С последним словом манифеста начался благодарственный молебен, все пали на колени, праздничным салютом загремели орудия, установленные на верках Петропавловской крепости, и над площадью грянуло «ура».
Несколько месяцев спустя в соборе были выставлены для осмотра 107 трофейных знамен и штандартов разгромленных французских, польских, итальянских полков, а также 28 ключей от европейских городов и крепостей.
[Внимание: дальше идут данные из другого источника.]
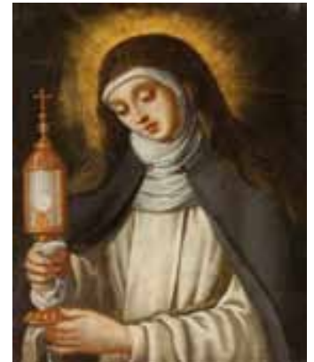
Sainte Claire, école espagnole, huile sur cuivre, 1 ère moitié du XVII e siècle, coll. cathédrale Notre-Dame de Moulins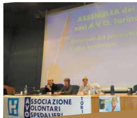
ARIA n.12 anno IV - giugno 2015 - pag 4

Da parte dei volontari e della Redazione di ARIA un sentito ringraziamento ai Consigli uscenti per il lavoro svolto e un grosso augurio ai nuovi. Senza dimenticare l'amorevole attività svolta quotidianamente da tutti i volontari!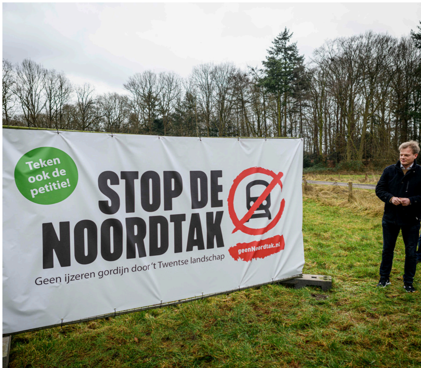
Start van de campagne 'stop de Noordtak' met Pieter Omtzigt.

Иван Иванович Дмитриев: портрет глазами современников
Министр, поэт и друг: я всё тремя словами
Об нем для похвалы и зависти сказал.
Прибавлю, что чинов и рифм он не искал,
Но рифмы и чины к нему летели сами!
Н. М. Карамзин. Стихи к портрету И. И. Дмитриева
И. И. Дмитриев был очень высокого роста, немного кос, осанку и походку имел важную, говорил протяжно и если рассказывал что стоя, то обыкновенно делал перед вами по два или три шага вперед и назад…
М. П. Погодин
Тут был в душистых сединах
Старик, по-старому шутивший:
Отменно тонко и умно,
Что нынче несколько смешно.
А. С. Пушкин. «Евгений Онегин», VIII глава
Однажды появился старик с совершенно белою головою и с лицом пурпуровым… Старец этот был роста высокого, держался довольно прямо и сановито, с легкою, однако, сутуловатостью. Грудь синего его фрака покрыта была с обеих сторон звездами, а батистовый белый галстух, туго накрахмаленный, окаймлялся орденскими лентами… То был… Иван Иванович Дмитриев.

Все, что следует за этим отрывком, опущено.